The researchers studied avatar gender roles and social interaction patterns and compared them to human behavior. They found that personal space matters even in the virtual world: Male and female avatars keep a physical distance from each other in the same way that men and women do. Pairs of male avatars tend to stay away from each other the furthest while female-female pairs stay physically closest to each other. Male-male pairs also exchange least eye contact while female avatar pairs look at each other most. That avatars act just like humans is not surprising to Yee: "It's hard to forget or ignore the norms that we have used every day in the physical world since we were born," he says. "These social norms help guide and sustain interaction."

This could be why the Second Life population models itself on real society. Behind every furry, flying or androgynous avatar is a player made of flesh and blood, whose preconceptions have been formed by his or her real life environment.
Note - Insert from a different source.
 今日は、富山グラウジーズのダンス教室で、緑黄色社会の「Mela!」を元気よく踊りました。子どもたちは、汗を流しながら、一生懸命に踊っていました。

Another Second Life expert, the French blogger Loic Le Mer, put it this way: "If you have a stupid player who creates an avatar, that avatar won't be smart just because it's a digital creature." In any case, the similarity in avatar and human behavior is likely to increase even further in the future. American company Vivox announced on Tuesday that it was developing a voice program for Second Life which will enable avatars to speak with each other -- and even overhear other avatar's conversations.
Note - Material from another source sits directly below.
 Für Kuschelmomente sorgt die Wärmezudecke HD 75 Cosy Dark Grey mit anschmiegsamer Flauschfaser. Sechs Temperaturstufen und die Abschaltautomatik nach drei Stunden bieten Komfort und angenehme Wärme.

Social change through Second Life?

Still, Loic Le Mer believes that the real world could change for the better because of Second Life. In his opinion, the online game is at the vanguard of globalization, "but globalization as an opportunity, not a threat." He predicts that more and more people from all over the world will earn a living through Second Life in the future. "The great thing about Second Life is that it brings together people from all countries, and everybody can make money by creating an object and selling it," he says, adding that an acquaintance of his makes €1,000 a month from selling virtual glasses to avatars.

Players from the developing world in particular can find ways of making money in Second Life, he says. The booming economy means that there is much demand for people who know how to create, for example, virtual buildings, which sell for around €50. "It may not be a lot of money to people living in the West, but for others it is," Le Mer says. However, he does agree that Second Life is not a place of total equal opportunity. "Of course, access, technology and skills vary between the developed and developing worlds," he admits.

But the link between Second Life and global capitalism could also herald another evolution: virtual terrorism. Second Life is already home to a group of self-proclaimed avatar revolutionaries, the Second Life Liberation Army. In order to fight what they call the "dictatorship of Linden Lab," the virtual freedom fighters have been setting off bombs at Second Life stores such as American Apparel and have put bounties on the heads of commercial contractors. So far, nobody has been injured by the code-toting anarchists. Fantasy and reality have not yet merged completely.